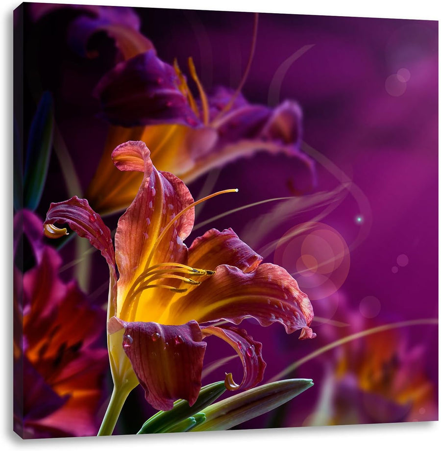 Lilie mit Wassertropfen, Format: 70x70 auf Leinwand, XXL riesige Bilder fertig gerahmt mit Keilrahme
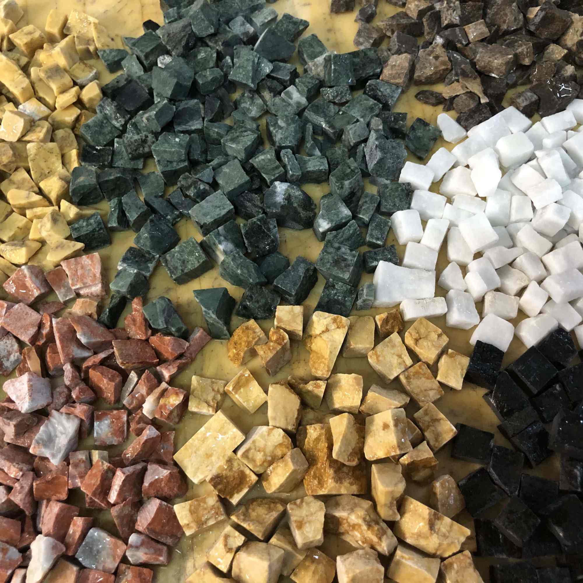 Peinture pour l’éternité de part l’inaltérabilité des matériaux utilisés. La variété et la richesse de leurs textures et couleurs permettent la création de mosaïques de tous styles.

◆ ◆ ◆ ◆ ◆

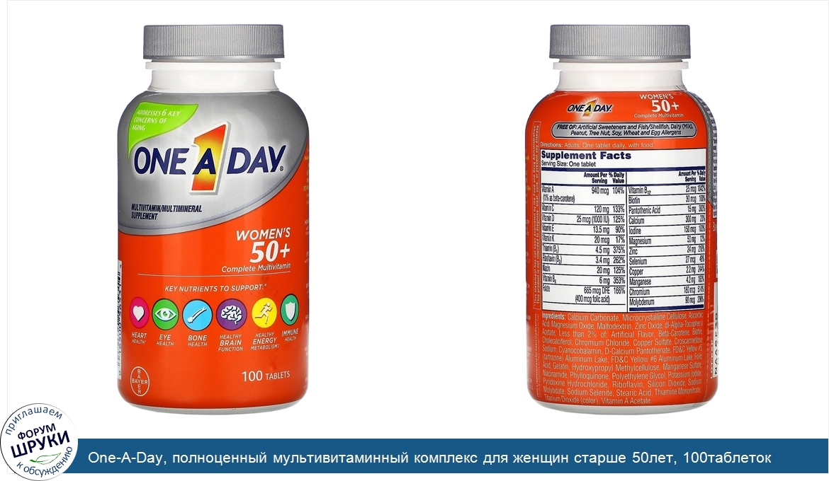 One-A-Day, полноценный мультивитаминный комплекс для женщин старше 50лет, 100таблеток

◆ ◆ ◆ ◆ ◆

=== Prompt ===
Starting with the line that has "Lilie mit Wassertropfen, Format: 70x70" and going on through the line that has "Peinture pour l’éternité", transcribe the records above exactly, but skip the pictures.

=== Answer area ===
 Lilie mit Wassertropfen, Format: 70x70 auf Leinwand, XXL riesige Bilder fertig gerahmt mit Keilrahme
 Peinture pour l’éternité de part l’inaltérabilité des matériaux utilisés. La variété et la richesse de leurs textures et couleurs permettent la création de mosaïques de tous styles.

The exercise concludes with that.